Attorney-at-Law

HEADLINE NEWS?

In Uncategorized on 07/13/2021 at 16:14

Just lately there has been a lot of news around this Minor U.S. Outlying Island concerning payment of personal expenses from corporate sources. I’d commented elsewhere that such delictions might be alleged against any number of corporate entities and their controlling persons. Today we have proof of my assertion, in fifty-nine (count ’em, fifty-nine) pages of Judge Elizabeth Crewson Paris’ prose; read all about it in Blossom Day Care Centers, Inc., 2021 T. C. Memo. 87, filed 7/13/21. Except the docket for the case is blocked, and says it’s sealed; exactly why I can’t tell*.

The case is the usual. Officers and their family members used AMEX and CitiCards issued in the corporate name, with all charges paid for by the corporation, for personal expenses and more. And there’s unreported income and self-rentals, but nothing new there either.

“In addition to routine personal purchases, such as restaurant meals, auto expenses, and personal medical expenses, the Hs either used the corporate credit card to pay or had petitioner pay their personal credit cards for such expenses as college tuition, vacations, jewelry, and other luxury items. The H children continued to make personal purchases with the credit cards even during periods when they were not employees of petitioner or H Corp.” 20-21 T. C. Memo. 97, at pp. 10-11. (Names omitted).

But the Hs are spared Section 6663 fraud chops because their trusty CPA and later their equally trusty employee bookkeeper made  “Note Receivable from Officers” entries.

“Regarding the inappropriate deductions, respondent is correct that petitioner claimed large deductions for expenses either that were personal or that lacked a demonstrated business purpose, and the Court has sustained respondent’s disallowance of such deductions in large part. However, petitioner maintained a running balance, reported on its returns as ‘Note Receivable from Officers.’ The balance of the purported note increased from $236,189 at the beginning of 2004 to $1,332,006 at the end of 2007, an increase that closely tracks the credit card expenditures respondent determined to be personal expenses. Petitioner’s recording and reporting of the expenses indicates an acknowledgment of their personal nature and an intention to repay or recognize as dividends the deemed distributed amounts at some point in the future, albeit an unspecified and indeterminate one.” 2021 T. C. Memo. 87, at p. 55.

So while the “Note Receivable” isn’t a note (or at least none was proffered on the trial), and maybe doesn’t truly evidence a debt, for want of documentation, stated maturity, interest, stated events of default, and suchlike, reporting it on the returns might just be enough to dodge “clear and convincing” proof of fraud. And the corp did overstate receipts in two years, while understating same in two others. After all, maybe sloppy saves the day. Except maybe it’s a guaranty you’ll be audited. Don’t try this at home (or anywhere else).

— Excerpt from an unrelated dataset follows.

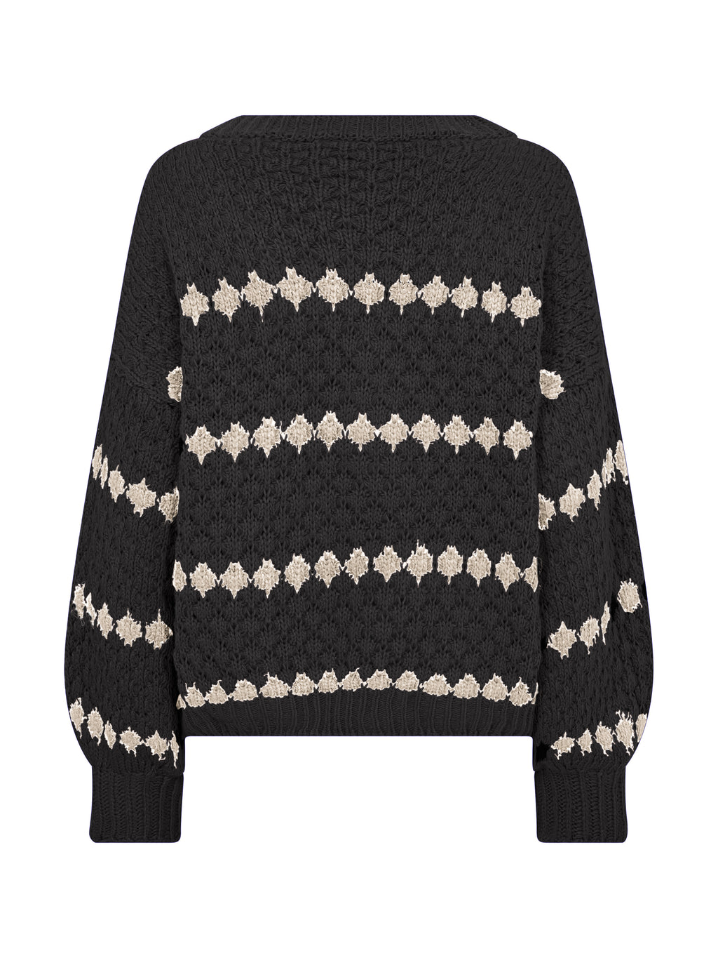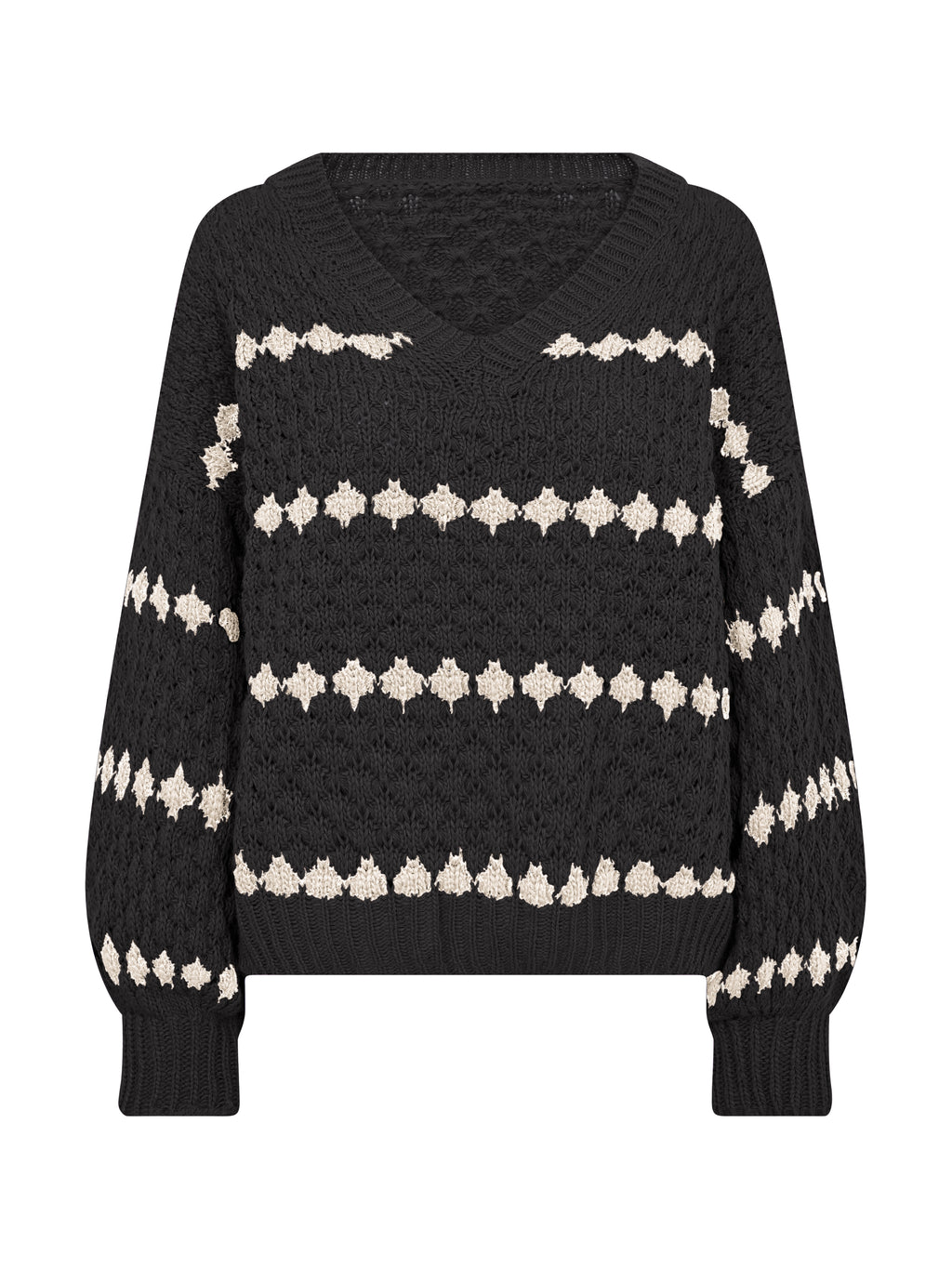 Striktrøjen har fine detaljer og et klassisk udtryk. Den har v-hals, lange ærmer og et mønsterstrikket design med striber, som giver karakter til strikken. Pasformen er almindelig med ribkant forneden og ved ærmerne, som afslutter looket på en enkel måde.

There’s no need for Boss Hossery for the Section 6662a chops when a corp is the target, and IRS came up with a Boss Hoss signed-off copy of the answer before first asserting chops. However, I question Judge Paris’ reliance on Koh unless it has been established that the first mention of chops did not occur until after the Boss Hoss signed-off answer had been served; see my blogpost “Greaves on Graev,” 6/4/20.

The corp’s Section 45A Indian employment tax credit fails for illegible records. And while Mrs. H is an Indian, she owns 51% of the business, and that sinks her claimed credit. (Name omitted).

So despite our local prosecutors’ proclamations that they have trodden new ground, or at any rate have found a novel dodge, this story and theirs are both many-times-told tales.

*Edited to add, 4/5/22: Though sealed on the Tax Court website, despite the Genius Baristas’ averments that they would unseal whatever they could (yeah, roger that, most F affirmative (the F is for emphasis)), the opinion is all over the internet.